Le vent souffle fort aujourd’hui. Si fort.
La plage en hiver, désertée et fraiche, donne parfois l’impression d’être en pleine tempête. L’écume des vagues transformée en brume vient fouetter mon visage qu’on dit paisible. Si calme et équilibré en apparence alors que la tempête intérieure est d’égale mesure à cette plage dont le vent parvient à soulever même le sable mouillé. Mon chien, Idem, semble lui aussi devoir lutter pour me rapporter le bâton que je lui lance encore et encore depuis plus d’une heure. J’aime ça, la plage livrée à sa solitude annuelle.
Ma tête est pleine des histoires que l’on m’a racontées. Celles des enfants de collèges et écoles élémentaires que je suis, soigne, panse et éduque depuis deux décennies.
Trente-deux ans de carrière, dont un passage dans une unité de soins intensifs qui faisait mon bonheur professionnel. J’étais heureuse d’aller travailler à l’époque. Savoir que chaque fois que je franchirais les portes du service, j’y retrouverais celle qui est maintenant « mon autre ». Le travail en équipe, les rires, les pleurs, la fusion professionnelle avec cette aide-soignante solaire, hors-norme qui a su me guider et me transmettre ses compétences avec générosité et spontanéité.

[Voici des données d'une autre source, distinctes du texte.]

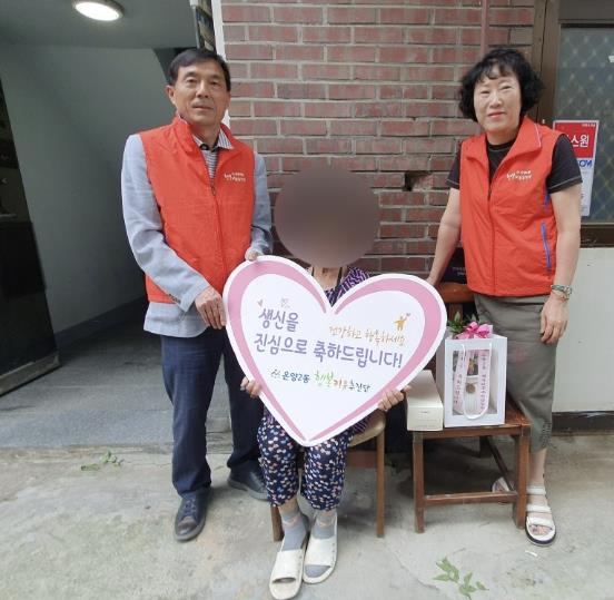 이 사업은 매월 생일을 맞은 독거노인 3가정을 직접 방문해 따뜻한 축하 인사와 함께 행복키움 협약업체 후원품을 전달하는 사업으로 ▲파리바게뜨 아산용화동점 ▲나눔플라워가 동참하고 있다.

À côté de ce que je vis depuis que je suis infirmière scolaire, cette parenthèse de début de carrière est ma mémoire du bonheur. La solitude opposée au travail d’équipe que j’affectionne tant. Comme quoi, être heureux au boulot, c’est possible… A côté des confidences d’une gamine de huit ans parlant des sévices sexuels endurés par ses camarades de classe, les arrêts cardiaques, les décès et la grosse charge de travail m’apparaissent presque réconfortants.
Pourtant et malgré ce manque du monde hospitalier que je ressens, je ne peux pas regretter d’avoir choisi d’être infirmière scolaire. Je l’ai fait pour ma famille. J’ai pu, ainsi, élever mes enfants sans contrainte de mode de garde. J’étais présente tous les soirs, tous les week-ends et à chaque vacance scolaire. Mais l’équilibre entre vie personnelle et vie professionnelle est-il possible lorsqu’on est infirmière ? Pour certains peut-être, mais pas pour moi, pas dans mon mode à moi.
Dans un monde idéal, il n’y aurait pas de guerre, pas de famine. Patrick Swayze serait toujours en vie, Hitler n’aurait jamais existé (Trump non plus) et j’aurais transféré mon unité de soins intensifs de la grande métropole qui l’abritait au bord de mer où je vis maintenant. Et puis je crois que j’aurais continué d’y travailler. Mes enfants s’y seraient faits, comme tous les autres et auraient compris, à mon épanouissement, que j’étais heureuse avec toutes les pièces du puzzle s’emboitant naturellement.
On ne revient pas en arrière et je suis de nature à me tourner vers l’avenir. Et puis, le poste que j’occupe m’a permis de développer ma capacité à prendre du recul sinon comment aurais-je survécu aux confidences que me faisaient les élèves ? Mon objectif et mes fonctions sont clairs : je suis là pour faire concilier du mieux possible, un état de santé optimal des élèves et leur scolarité. Comme de devoir gérer la fin de grossesse d’une gamine de douze ans qui cachait son état à ses parents et ses copains depuis plus de sept mois. Dans ce cas, discrétion et diplomatie furent de mise. Un entretien avec la famille et une prise en charge sociale avaient suffi à faire avancer la situation. Mais parfois, je ne dis pas tout le temps, mais parfois, la procédure de signalement au procureur de la République s’impose. Et là, les choses se compliquent entre la solitude due à l’obligation de secret professionnel et l’incompréhension des parties concernées qui tentent de négocier. Mais comment peut-on ne serait-ce que penser qu’il est possible de négocier à l’amiable dans un cas d’agression sexuelle sur un enfant ?
Dans quel monde vivons-nous ?
Un univers de tempête où le vent souffle si fort qu’il fait trembler le sable humide.
Le vent commence à tomber, la tempête s’apaise et le soleil tente une percée timide, mais efficace.
Un arc-en-ciel se forme au-dessus de l’eau. Idem se fige, comme happé par sa contemplation. Moi aussi et j’escalade cette arche multicolore pour rejoindre la partie de moi réconfortante et apaisante. Cet endroit où je ris avec « mon autre » dans un univers blanc et aseptisé avec comme fond sonore, les bips répétitifs des moniteurs de surveillance. Une douce mélodie à mes oreilles, apaisante comme le vent sur la plage en hiver.